負け虎

 話は少しだけ遡る。


 死にかけではあるものの、それでも達人アデプトを名乗る為に鍛え抜いた身体は咄嗟の投擲物に対し、適切な行動を取った。結果として今、男――石徹白いとしろ虎一こいちの手の中にはネズミの死骸があった。


 ――さて、投げつけられたこのネズミは何なのだろうか?


 そう思いながらネズミを投げつけて来た自分と同じような髪の色をした子供に目を向けてみれば、彼は何やら少し満足気で……得意気に見えた。

 何と言うか――


(――良いことをした、みたいな顔だな)


 何となく、師の道場で飼われていた犬を思い出した。投げられたボールを持ってくる時の顔だ。そして、それに思い至れば、手の中のネズミの意味も少しだけ理解出来た。

 弱っていた虎一への贈り物。そう言うことなのだろう。


「――は、」


 柔らかく、口元が歪む。

 自分の武を諦めた。自分の生を諦めた。それでも何故か子供には生きろと言われる。

 それが何だか可笑しかった。

 人生の岐路には仙人は現れることがあると言う。

 目の前の子供は、そんな神聖さを見出すには少しばかり薄汚れてはいるものの、案外そう言うモノなのかもしれない。そんな思考に至り……笑みが更に深くなる。


 ――なんだ。俺は生きたいのか。


 浮浪児を無理矢理神格化している己の心に向き合えば、すとん、とそこに思い至った。

 納めたのは、“武”だ何だと言葉で飾っても、所詮は人斬り包丁を上手く扱う為の技術だ。

 切って来た。

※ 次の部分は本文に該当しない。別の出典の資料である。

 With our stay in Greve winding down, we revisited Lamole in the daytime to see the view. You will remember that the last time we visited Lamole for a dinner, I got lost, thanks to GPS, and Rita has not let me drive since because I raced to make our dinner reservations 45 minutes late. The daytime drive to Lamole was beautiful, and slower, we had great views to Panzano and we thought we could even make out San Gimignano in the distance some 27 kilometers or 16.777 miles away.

斬って来た。殺してきた。命を奪って来た。

 請負人ランナーと言う裏稼業に手を染めて、鍛えた武で行ったのはそう言った外道仕事だ。

 だからどんな風に死んでも受け入れる気でいた。

 亜人デミへの変異により、鍛え上げた武が削がれる様にして弱くなり、そうして傷を負って死ぬ。

 それは己の死に様としては実に不様で、情けなく――似合いだと受け入れていた。受け入れたと思っていた。

 だが実際、己と向き合ってみればこれだ。

 臆病な自分はしっかりと死ぬことを恐れている。

 氣は心に宿る。

 それならば生きたいと思う心を無理矢理捻じ曲げていた己が弱くなるのも必然だ。

 ソレに思い至った虎一はネズミの皮を剥くとその肉に歯を立てた。

 腹に肉と血が入り、呼吸が達人アデプト独自のモノへと変わる。体内で氣を練り上げ、それを血に乗せる。死を選んでいると思い込んでいた心と、死に向かっていた身体を生へと切り替える。

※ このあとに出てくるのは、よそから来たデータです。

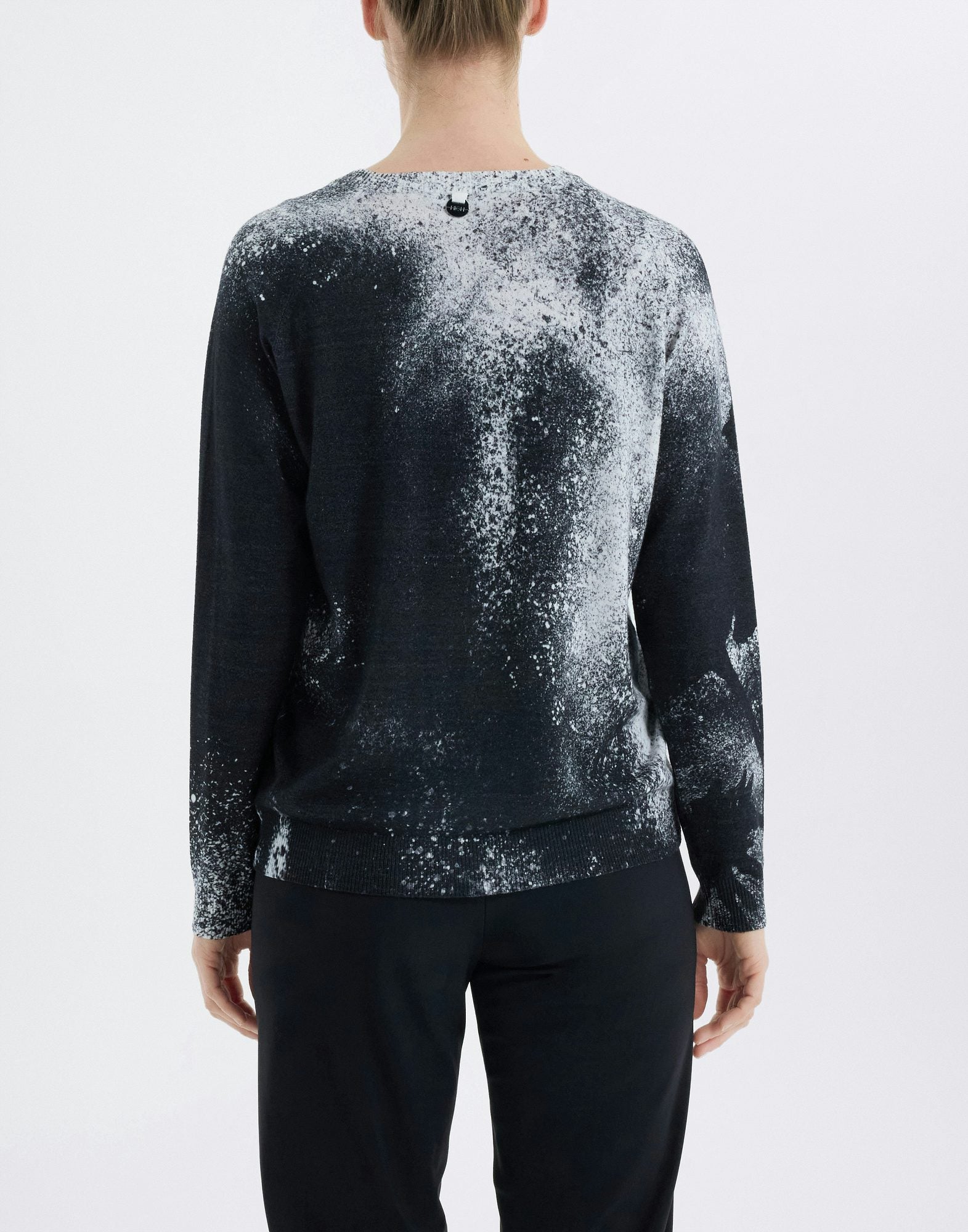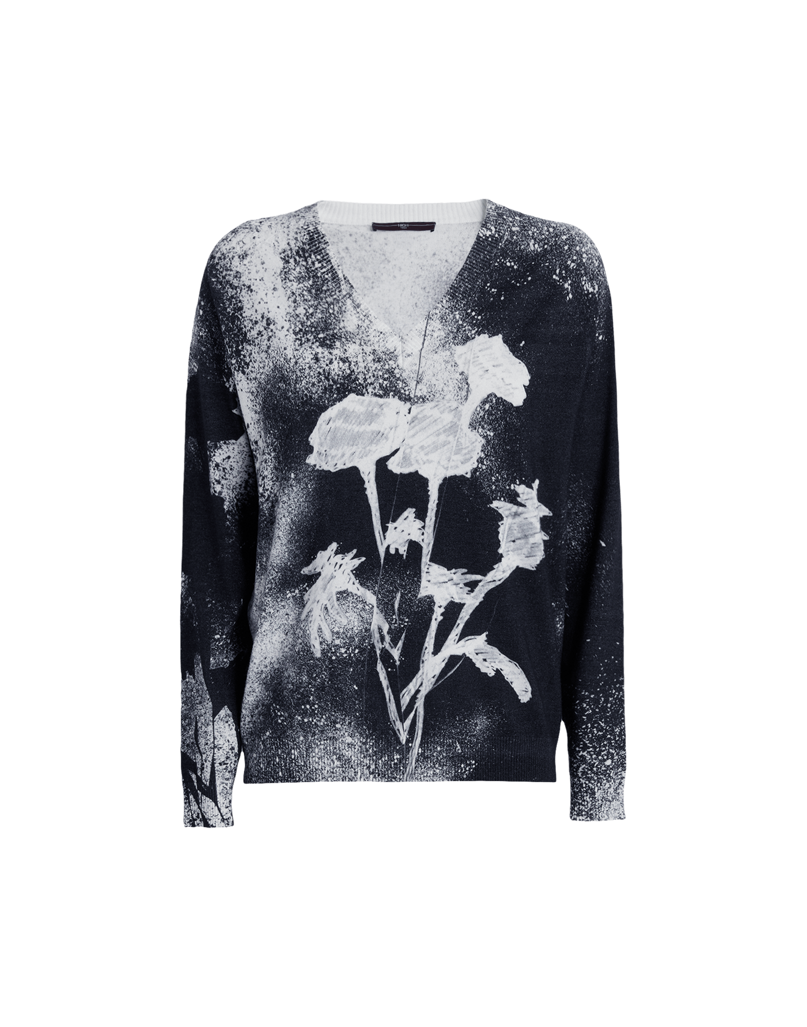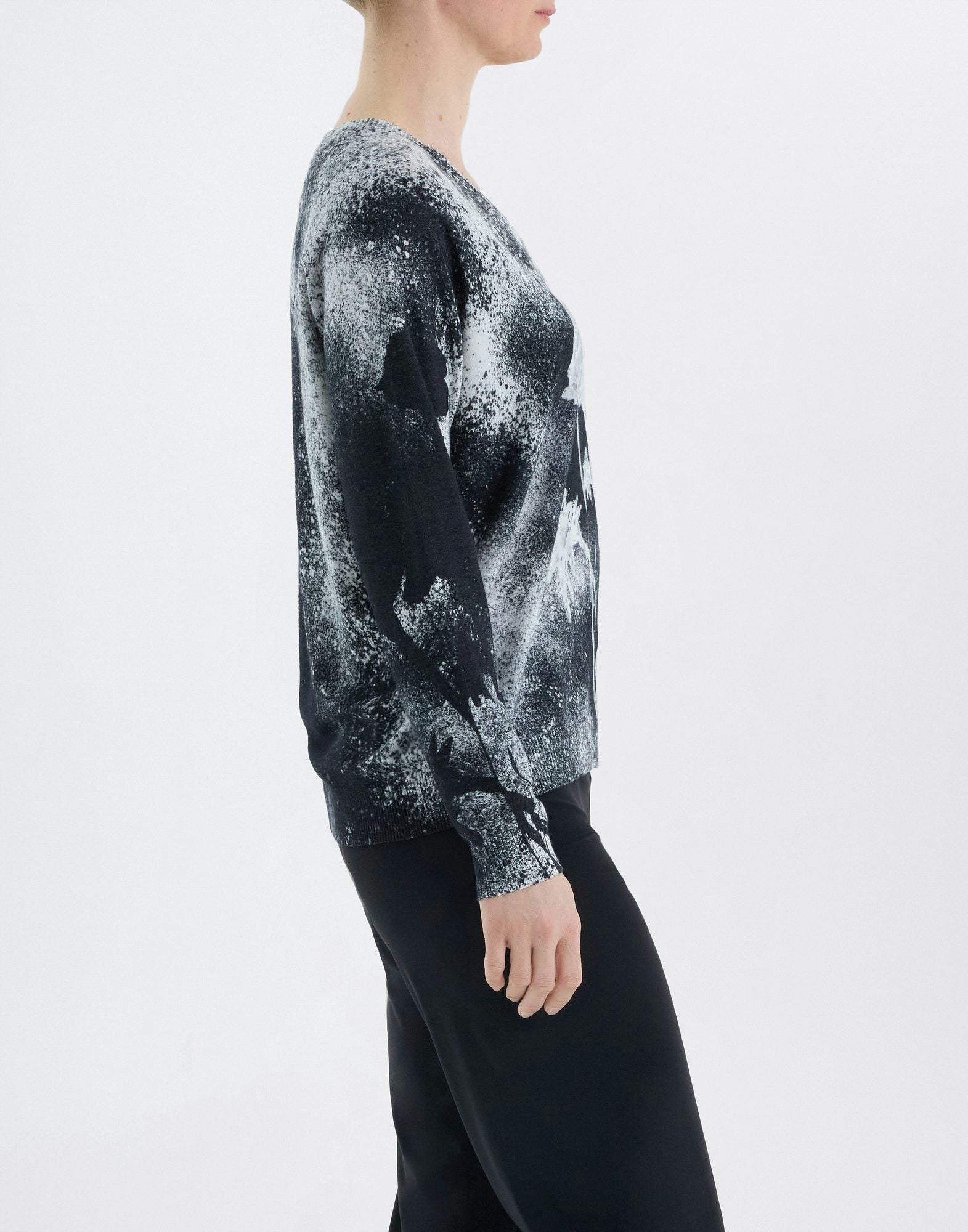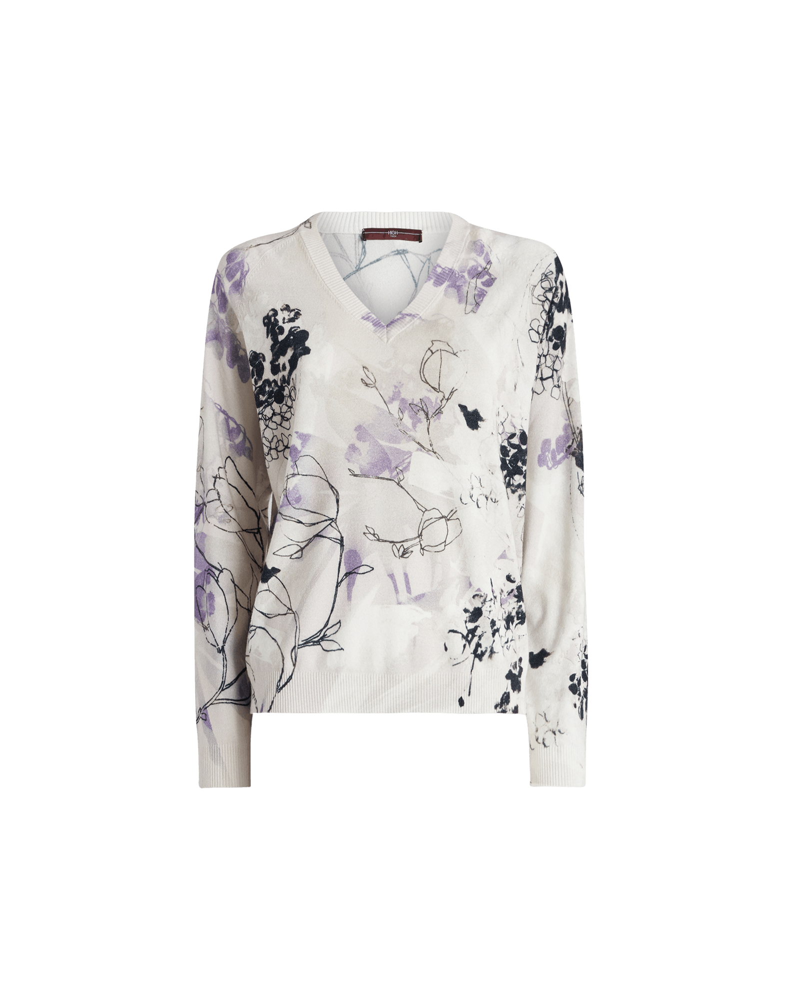 Ultra fine tech viscose knit with floral print. v neck and raglan sleeves for a comfortable fit.

「―――――――――――――――――――、――――――――――――――――――」


 深く、長い呼吸が路地裏に長く、長く、響いていった。







 そんな訳で石徹白虎一は小汚い浮浪児に命を救われた。

 己が“生きたがり”だと理解すると以前は全く理解できなかった師の言葉の意味が途端に分かる様になるのだから不思議なものだ。

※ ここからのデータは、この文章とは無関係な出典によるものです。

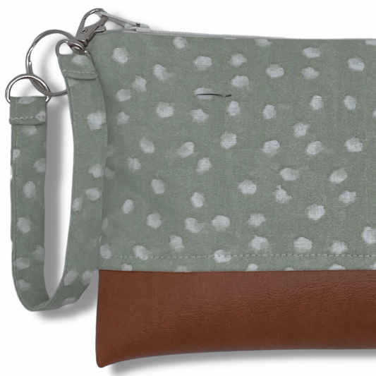 Mint Dots Large Zipper Clutch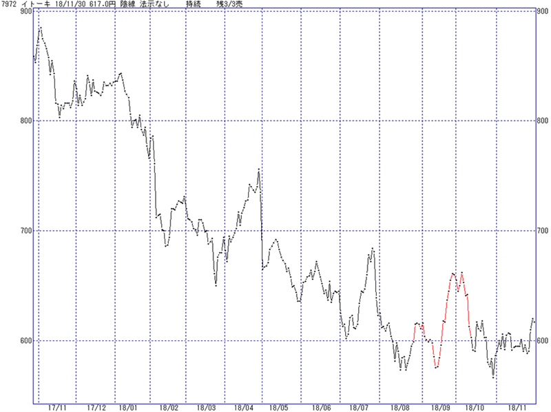 7972イトーキは、イヤになるほど陰湿な下げっぷり……そして、8月後半の陽転がダマシ、10月に陰転してからはつまらない横ばいです。そして、依然として中源線の判断は「売り」です。でも、「次に陽転したらおもしろいかも!」と感じさせる銘柄ではないでしょうか。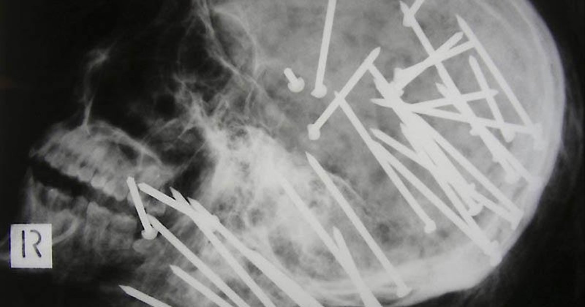 Гвоздь в человеческом черепе - пациент случайно выстрелил в себя из пневматического молотка. Он даже не понял, что выстрелил в себя - 10-метровый гвоздь обнаружили только через 6 дней.
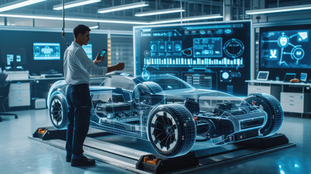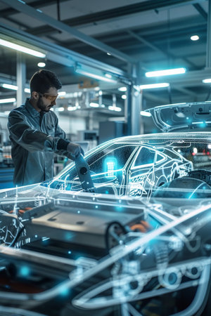 Advanced technology in car manufacturing automotive engineer at futuristic assembly line
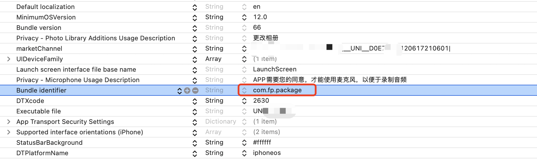 以上是manifest.json配置,其中bundleid显示配置了,我才用的是云打包,第一张截图就显示了Bundle Identifier在Info.plist中的值为com.fp.package

 徳を説かれた。義を説かれた。人としての道を説かれた。

 殺す為の得物を振るう業を教えておいて何を、と当時は鼻で笑ったものだが、アレは殺す為の業を、剣を教えるからこそ説かれたモノだったのだと得心が言った。

 殺しの業を納めるが故、道を外れて修羅へと落ちない様にと、あれ程までに丁寧に説かれたのだ。

 ソレが理解できなかった虎一は、多くを斬った。

 今更そんな自分の剣に侠があるとは思わない。

 それでも歩むべきだった『道』に気付いてしまえばこれまでの己の傲慢さが酷く醜く、恥ずかしいものであったのだと思い知らされた。

 そうなってしまえば虎一にこれまでの様な振る舞いは無理だった。

 差し当たって虎一はそんな自分の命を救ってくれた子供を探し始めた。恩には恩を返す。それが出来ないと言うのは今の虎一にとっては酷く恥ずかしことだったからだ。

 さて。

 そうして探し始めて数日後。虎一は命の恩人と出会うことが出来た。







 年齢と体躯に合わない身体能力。それに頼んでコマヒコが手の中の刀を振ってみれば――

 じゃれつく仔犬をあやす様に、ころん、と引っ繰り返された。


「――」


 何をされたのかが分からない。分からないが、分からないから絶対に敵わないと言うことだけが分かった。頼みにしていた折れた刀は何時の間にか男の手の中にあり、全力で突っ込んだはずの自分は、痛みも無く路地裏に寝かされている。

 どうすれば勝てるのか、どうすれば逃げられるのか、そもそもどうやって転がされたかすら分からない。彼我の力の差にコマヒコの頭は一つの結論を出した。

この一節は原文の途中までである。